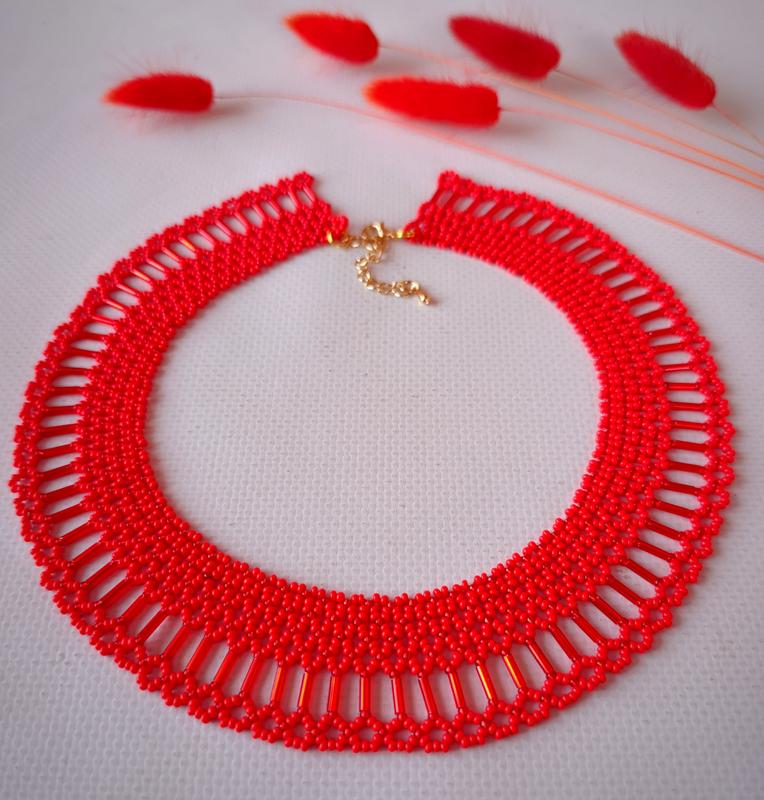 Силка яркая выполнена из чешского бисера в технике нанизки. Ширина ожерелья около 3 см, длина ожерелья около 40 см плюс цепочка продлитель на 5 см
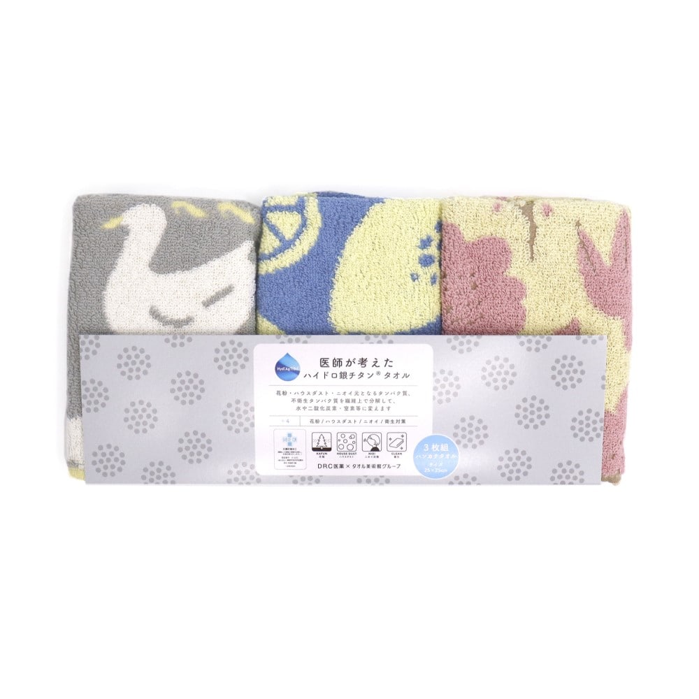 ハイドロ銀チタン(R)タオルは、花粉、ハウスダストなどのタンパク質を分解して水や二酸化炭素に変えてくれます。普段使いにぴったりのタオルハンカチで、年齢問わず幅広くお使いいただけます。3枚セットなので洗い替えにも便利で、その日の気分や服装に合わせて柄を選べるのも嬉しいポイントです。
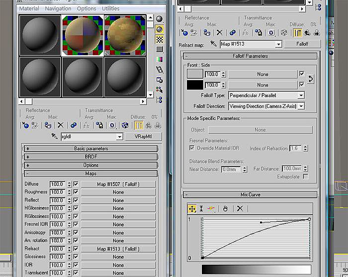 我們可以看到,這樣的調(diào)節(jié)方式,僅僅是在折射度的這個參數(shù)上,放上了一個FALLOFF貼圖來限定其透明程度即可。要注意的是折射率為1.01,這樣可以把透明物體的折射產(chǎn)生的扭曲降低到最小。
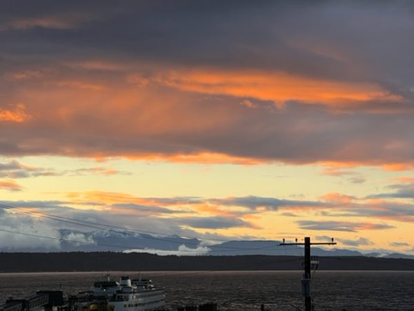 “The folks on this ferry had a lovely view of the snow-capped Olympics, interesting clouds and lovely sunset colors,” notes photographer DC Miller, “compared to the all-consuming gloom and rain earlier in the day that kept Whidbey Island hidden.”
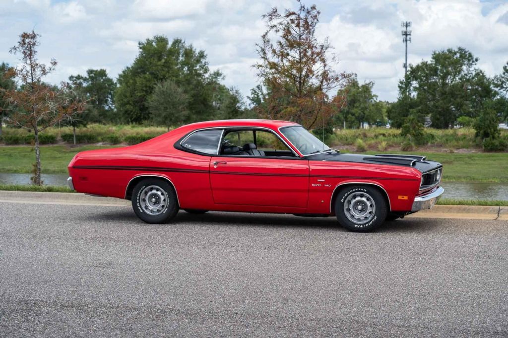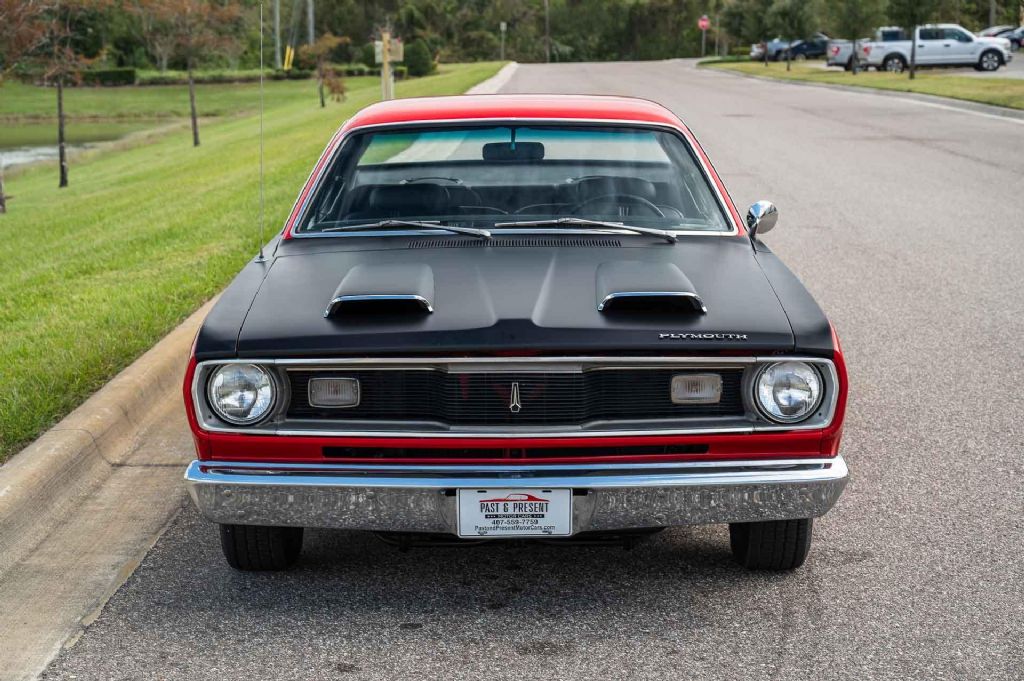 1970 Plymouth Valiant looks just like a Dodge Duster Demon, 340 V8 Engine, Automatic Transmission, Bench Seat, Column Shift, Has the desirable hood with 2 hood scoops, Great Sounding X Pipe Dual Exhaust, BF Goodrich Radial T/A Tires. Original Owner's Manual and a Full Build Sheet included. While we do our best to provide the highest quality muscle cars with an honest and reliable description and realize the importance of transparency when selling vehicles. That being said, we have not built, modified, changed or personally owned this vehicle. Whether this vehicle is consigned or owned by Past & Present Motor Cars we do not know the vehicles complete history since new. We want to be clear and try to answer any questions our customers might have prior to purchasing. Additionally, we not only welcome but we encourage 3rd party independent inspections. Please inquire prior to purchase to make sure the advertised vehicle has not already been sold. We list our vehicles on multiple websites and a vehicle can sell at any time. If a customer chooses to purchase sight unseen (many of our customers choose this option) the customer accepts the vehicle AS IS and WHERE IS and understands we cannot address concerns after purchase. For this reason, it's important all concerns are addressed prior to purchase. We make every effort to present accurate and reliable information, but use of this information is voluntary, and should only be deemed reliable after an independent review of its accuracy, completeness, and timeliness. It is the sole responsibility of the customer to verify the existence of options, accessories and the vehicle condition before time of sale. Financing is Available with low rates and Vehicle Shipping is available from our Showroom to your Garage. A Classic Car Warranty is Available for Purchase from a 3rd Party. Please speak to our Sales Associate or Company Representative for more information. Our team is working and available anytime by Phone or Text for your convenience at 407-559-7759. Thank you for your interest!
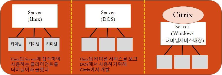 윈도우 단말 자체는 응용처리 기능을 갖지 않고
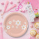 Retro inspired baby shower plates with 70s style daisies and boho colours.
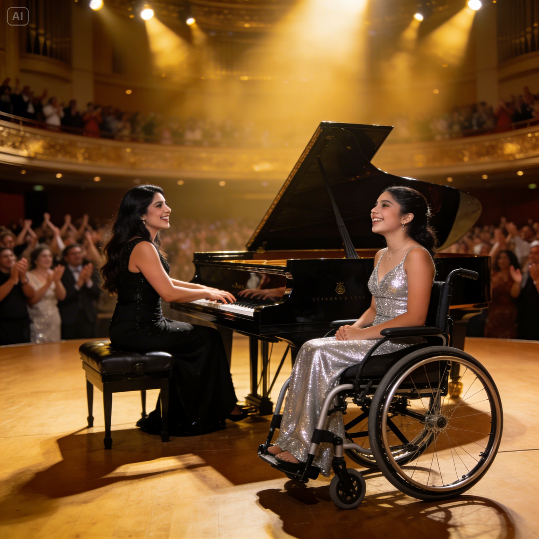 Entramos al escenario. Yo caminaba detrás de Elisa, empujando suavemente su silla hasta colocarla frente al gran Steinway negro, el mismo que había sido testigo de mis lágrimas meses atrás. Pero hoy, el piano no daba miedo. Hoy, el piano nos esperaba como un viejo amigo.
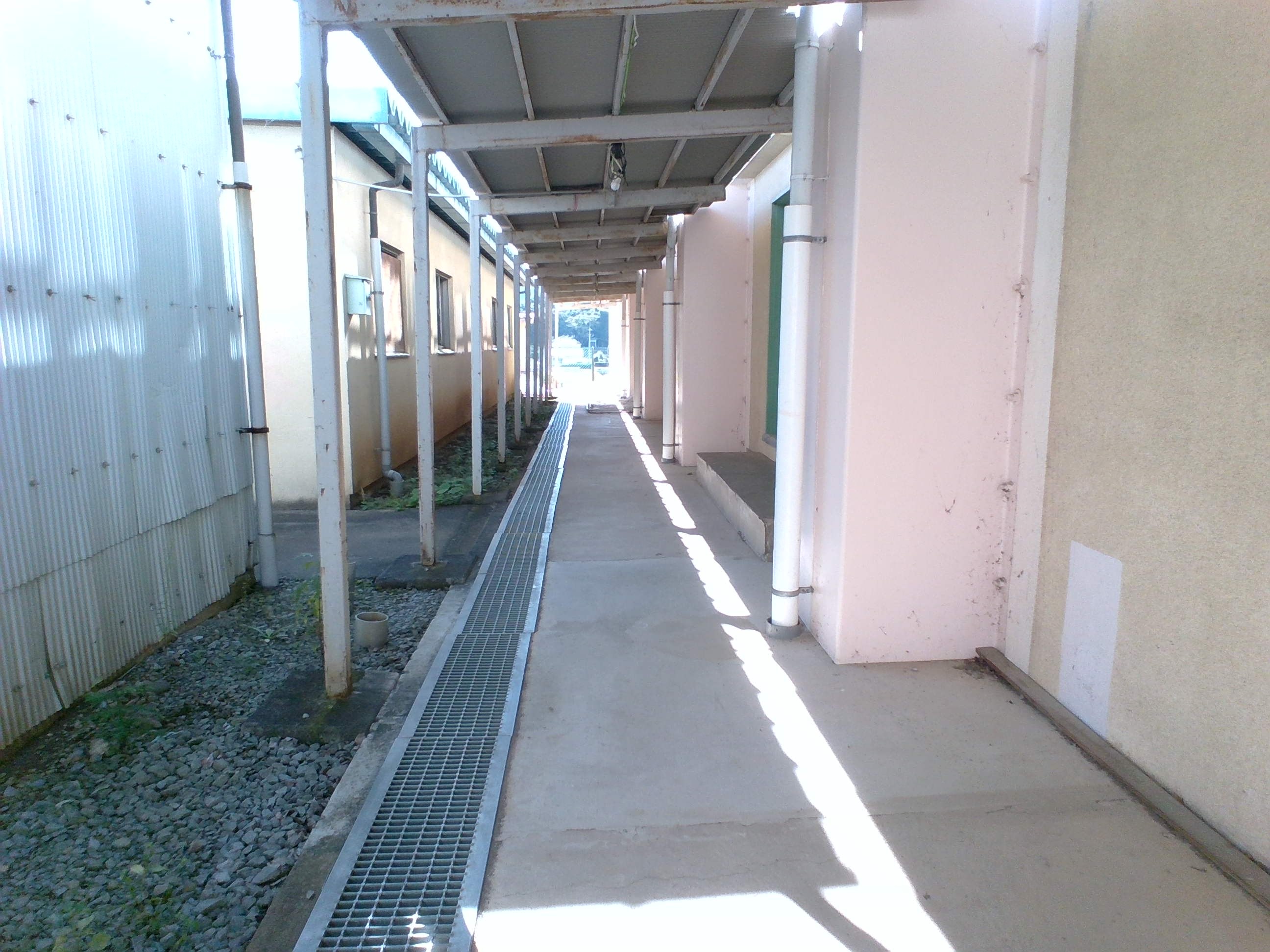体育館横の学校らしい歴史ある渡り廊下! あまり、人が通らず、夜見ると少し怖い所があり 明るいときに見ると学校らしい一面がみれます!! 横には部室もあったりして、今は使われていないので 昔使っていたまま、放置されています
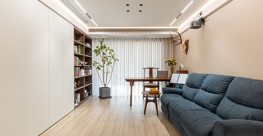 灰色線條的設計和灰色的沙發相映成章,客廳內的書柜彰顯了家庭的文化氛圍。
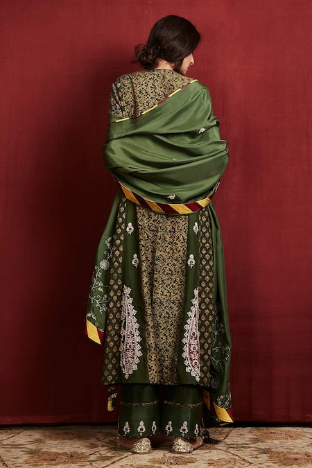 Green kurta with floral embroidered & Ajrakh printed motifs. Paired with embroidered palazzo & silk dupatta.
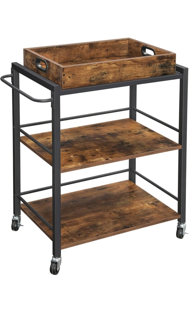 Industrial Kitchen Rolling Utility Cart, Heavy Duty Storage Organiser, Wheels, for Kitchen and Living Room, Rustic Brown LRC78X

■ **How to complete this task**: Copy exactly what appears from the line holding "Retro inspired baby" to the end of the material, keeping both end lines. Pictures are not part of the copy.

■ **Solution below**:
 Retro inspired baby shower plates with 70s style daisies and boho colours.
 Entramos al escenario. Yo caminaba detrás de Elisa, empujando suavemente su silla hasta colocarla frente al gran Steinway negro, el mismo que había sido testigo de mis lágrimas meses atrás. Pero hoy, el piano no daba miedo. Hoy, el piano nos esperaba como un viejo amigo.
体育館横の学校らしい歴史ある渡り廊下! あまり、人が通らず、夜見ると少し怖い所があり 明るいときに見ると学校らしい一面がみれます!! 横には部室もあったりして、今は使われていないので 昔使っていたまま、放置されています
 灰色線條的設計和灰色的沙發相映成章,客廳內的書柜彰顯了家庭的文化氛圍。
 Green kurta with floral embroidered & Ajrakh printed motifs. Paired with embroidered palazzo & silk dupatta.
 Industrial Kitchen Rolling Utility Cart, Heavy Duty Storage Organiser, Wheels, for Kitchen and Living Room, Rustic Brown LRC78X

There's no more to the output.